Et, lui prenant les deux mains, essayant de transfuser à cette âme obtuse un peu de la clarté qu’il sentait illuminer la sienne, Pierre ajouta :

« Je vous en prie, ma tante, ne fermez pas volontairement les yeux à une vérité qui aveugle. L’honneur est le miroir où la conscience se juge. À la moindre tache, elle se sait déchue et connaît sa honte… Je veux voir clair en moi, pouvoir lever la tête et serrer la main des honnêtes gens : l’oncle Charlot pense de même.

— Oui, articula le paralytique avec toute la netteté, l’énergie dont il était capable.

— C’est une satisfaction qui vous coûte cher, observa Caroline avec amertume : seize cent mille francs !

— Mais aussi l’ouvrage est proprement fait ! » répliqua Pierre, une fierté joyeuse dans ses yeux noirs.

Pour le coup, cette étonnante repartie laissa Mme Saujon bouche bée.

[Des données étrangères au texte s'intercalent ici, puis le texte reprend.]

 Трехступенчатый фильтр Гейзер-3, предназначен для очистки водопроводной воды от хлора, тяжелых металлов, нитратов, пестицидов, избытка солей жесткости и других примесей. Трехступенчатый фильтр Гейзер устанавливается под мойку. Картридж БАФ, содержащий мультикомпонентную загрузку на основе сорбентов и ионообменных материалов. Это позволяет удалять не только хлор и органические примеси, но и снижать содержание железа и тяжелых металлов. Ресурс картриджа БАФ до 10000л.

Elle le considéra du regard dont on contemple l’incompréhensible.

Il riait, amusé, mais sans ironie, sans même une pointe de malice.

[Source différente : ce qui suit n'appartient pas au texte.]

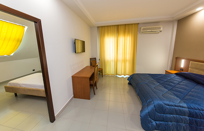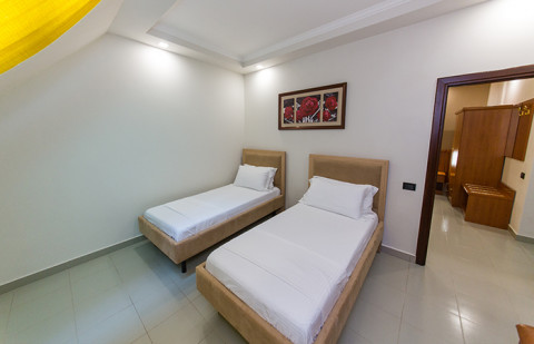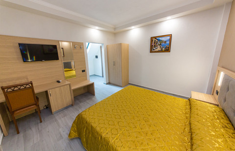FAMILY room, около 30 м², двухкомнатный номер с балконом, с одной двуспальной и двумя односпальными кроватями. Комнаты в номере разделены межкомнатной дверью. Всего в отеле 2 номера.

Après tout, pour cette pauvre femme, la fortune qu’on lui arrachait était la moitié de son cœur… Elle n’avait pas encore trop crié durant l’opération, pas autant que Pierre l’avait redouté : allons, elle se résignerait.

Il allait se mettre avec une activité double à la reconstitution de leurs vignobles : elle ne connaîtrait pas la gêne ; il s’en portait garant.

Doucement, il le lui dit.

« Que pensera-t-on de nous dans le public ? gémit-elle.

— Nous ne devons de comptes à personne. »

Elle se récria :

Comment ! nous aurons agi avec une telle générosité ; nous fondons une œuvre charitable, et on ne le saurait pas ?

— Pas par nous, tout au moins.

— Mais alors… à quoi bon ?

— À faire notre devoir. Notre silence, dans ce cas-là, c’est une garde montée devant l’honneur de l’oncle Odule. Comprenez-vous ?

— Non, avoua-t-elle candidement.

— Si nous avions profité de sa fortune, nous fussions devenus ses complices ; nous voici hors de cause ; mais son honneur, à lui, est entre les mains de ceux qui savent… »

Elle se leva, et, soupirant :

« Je vais renvoyer ma femme de chambre, puisqu’il nous faut vivre avec économie.

— Pourquoi cela ? Vos revenus vous permettent de vous faire bien servir.